[Provided entries — start]

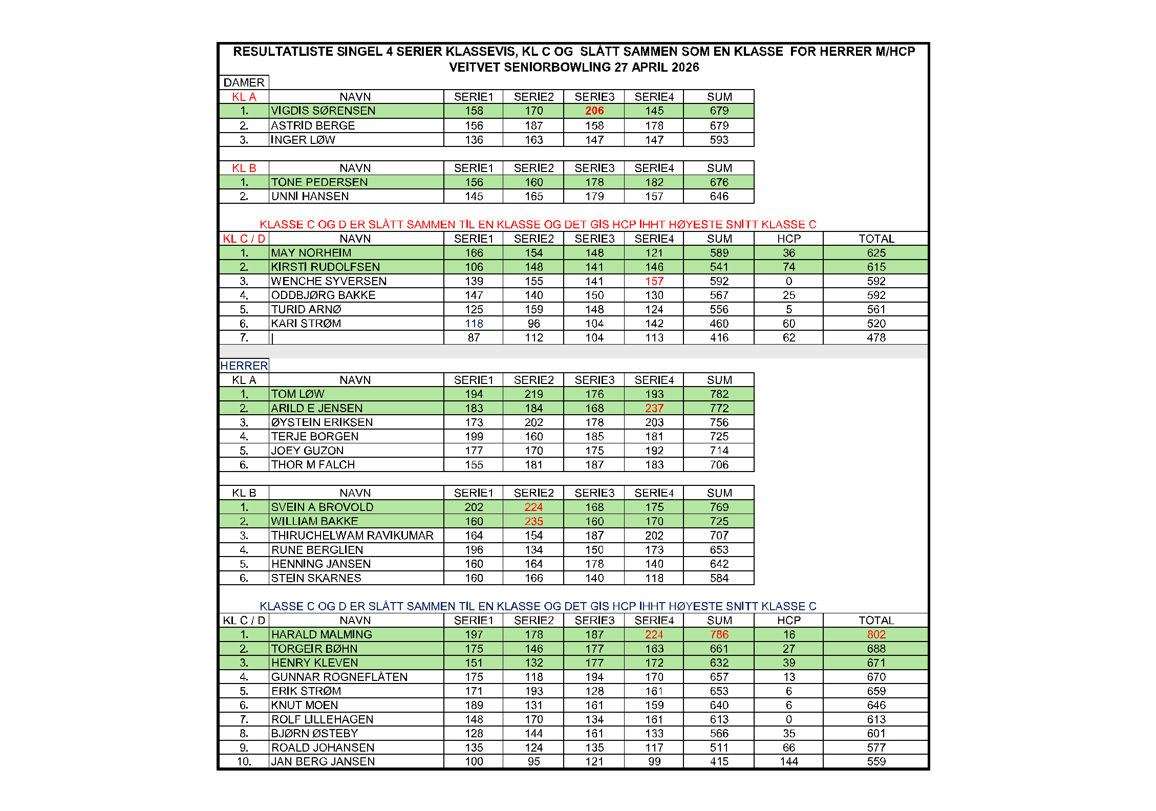 Topp 3 serier u/hcp : Arild E J 237. William 235, Svein A 224 og Harald 224
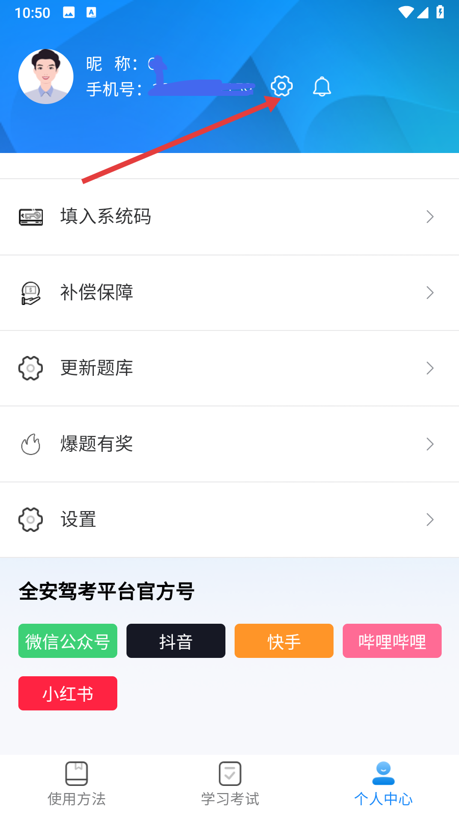 2、在個人中心頁面,點擊右上角【設(shè)置】圖標,進入設(shè)置界面。
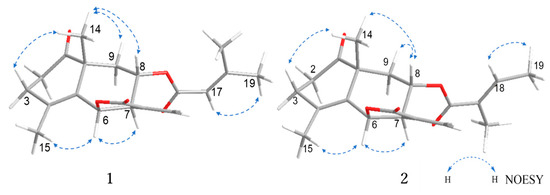 | 13 | 5.90 (d, 2.0) 6.34 (d, 2.0) | 125.8 | 5.91 (d, 2.0) 6.35 (d, 2.0) | 125.8 | 5.70 (d, 1.1) 6.26 (d, 1.1) | 129.3 | 5.69 (d, 1.1) 6.27 (d, 1.1) | 129.5 |
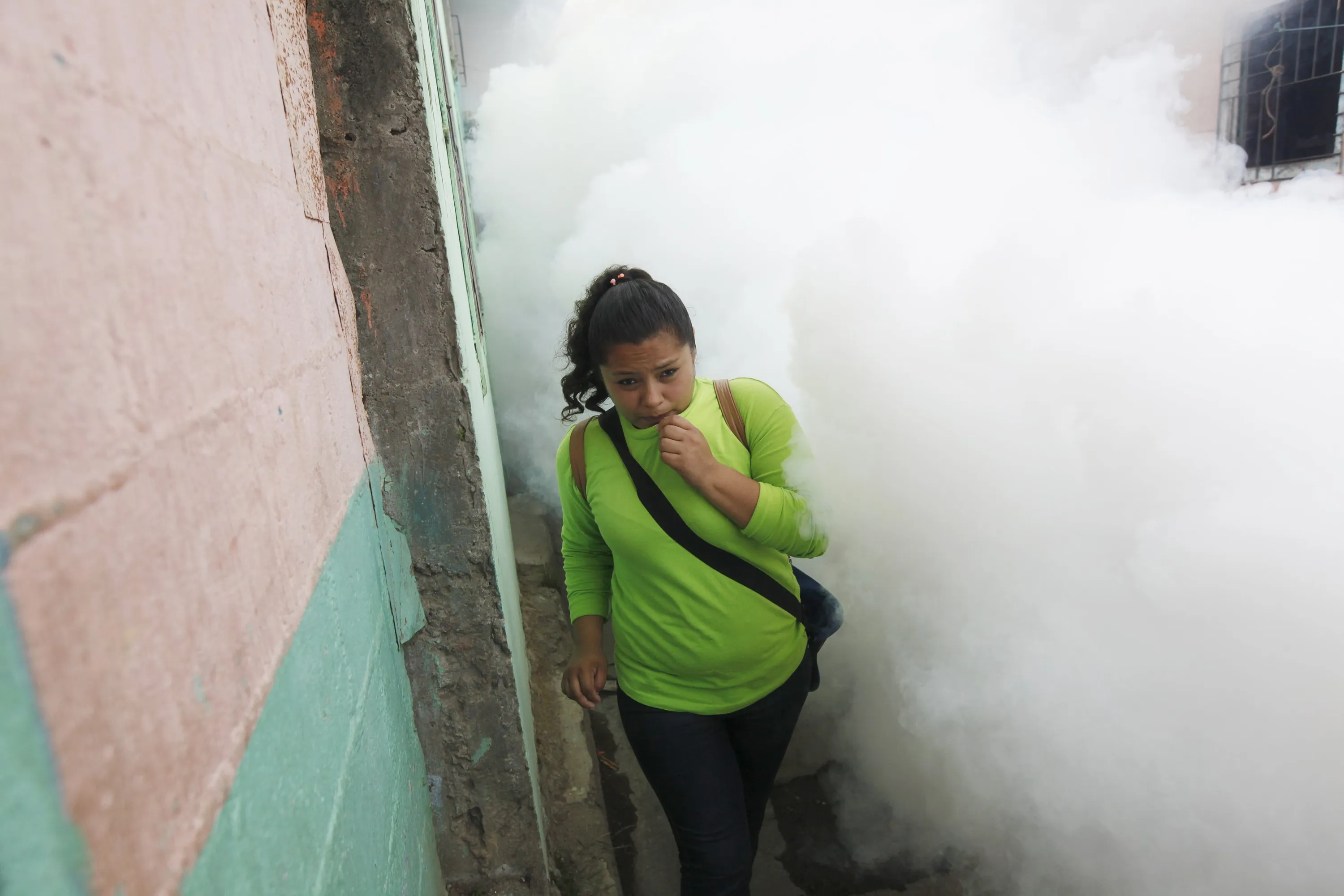A woman protects herself from fog as city health workers fumigate the Guadalupe community as part of preventive measures against the Zika virus and other mosquito-borne diseases in Santa Tecla, El Salvador February 3, 2016. (Photo by Jose Cabezas/Reuters)
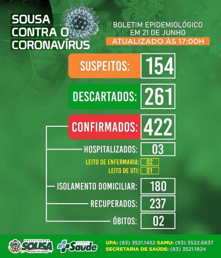 Sousa registrou mais 7 casos confirmados da Covid-19 neste domingo (21). Segundo o boletim divulgado pela Secretaria Municipal de Saúde, agora são 422 casos confirmados, 3 hospitalizados (2 em leitos de enfermaria e 1 em leito de UTI). Outros 180 estão em isolamento domiciliar, 237 recuperados e 2 óbitos. Ainda conforme os dados, os casos suspeitos são 154 e os descarados, 261.

[Provided entries — finish]

(Assignment) Return only the part above that opens with the line containing "1.1) | 129.5 |" and closes with the line containing "A woman protects", exactly and with both ends, skipping the pictures.

(Response below)
 | 13 | 5.90 (d, 2.0) 6.34 (d, 2.0) | 125.8 | 5.91 (d, 2.0) 6.35 (d, 2.0) | 125.8 | 5.70 (d, 1.1) 6.26 (d, 1.1) | 129.3 | 5.69 (d, 1.1) 6.27 (d, 1.1) | 129.5 |
A woman protects herself from fog as city health workers fumigate the Guadalupe community as part of preventive measures against the Zika virus and other mosquito-borne diseases in Santa Tecla, El Salvador February 3, 2016. (Photo by Jose Cabezas/Reuters)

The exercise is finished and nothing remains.